I used a test power supply I had, but you can use the $25 power supply recommended here. You can also use an old wall wart from your answering machine etc. Observe polarity. Light Emmitting DIODES (LEDs) only allow power to flow one direction.

I added another pushpin after the power connection for strain relief, and then covered my connection in clear silicone for weather protection. (The plastic won't short across the power leads). If you leave the 12V power on it helps the silicone cure faster :)


I used yellow because so many of the other colors aren't subtle enough. Perhaps the yellow won't attract insects?

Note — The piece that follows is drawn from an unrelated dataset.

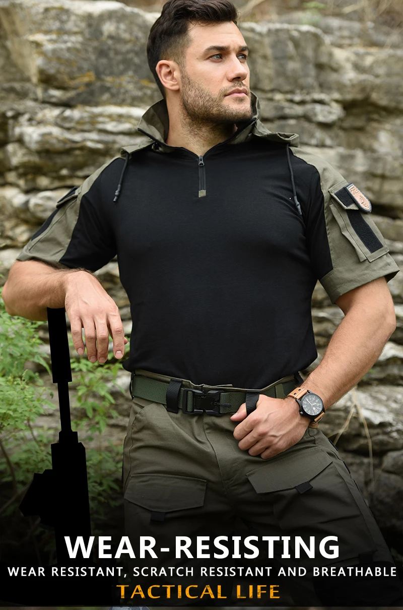 Мужская Тактическая Военная футболка HAN WILD, армейские военные рубашки с капюшоном, одежда для охоты, походные футболки для кемпинга, водонепроницаемые

Also, anything with RGB capabilities would also require a controller etc, and I'm just not interested in the complexity, or that 'look'.


( There will be phone and voice command ASAP, so I can turn it off from my hot tub icon )

I put 2" of BLACK head shrink over the power lead for two reasons: First it will protect the leads from UV (the red will break down in sunlight), and it will hide the leads as well. I will drop the leads under the deck and connect them with crimp connectors behind my skirting and under the deck floor.

While it was out, I put some clear silicone on either side of the LED strip every 2" or so to help secure the strip. Just one more step to hold things in place.


(I did not include the hook up for the wires back to the power supply simply because of the 15 picture limit on posts. Hopefully you all can figure out plus to plus and minus to minus. I'll add a hint or two in the comments as I can)

After I put my deck project together, this was the finished result. In this photo I have eight of the nine railing sections wired and lit (one in the back was still waiting for parts when I took the pic). I have an architect buddy that was pleasantly surprised with how well this turned out for the cost. You'll need to find an out-of-the-weather place for your power supply, and of course your outlet should have a proper weather cover if it's plugged in outdoors all the time. I'll answer questions as best I can. It took about 20 minutes per 4' section to make. After all of the wiring, it took about eight hours total. I'm not including my mistakes, or trial and error that didn't work out.


I priced it the way I did my project for the new deck rails and balusters , it's about $12 per 4' section plus the $25-ish power supply. Don't forget you need and outlet with a proper weather-proof cover.


I hope this slightly different post inspires someone to do something unusual with their outdoor space. I'll revise and update as the comments come in.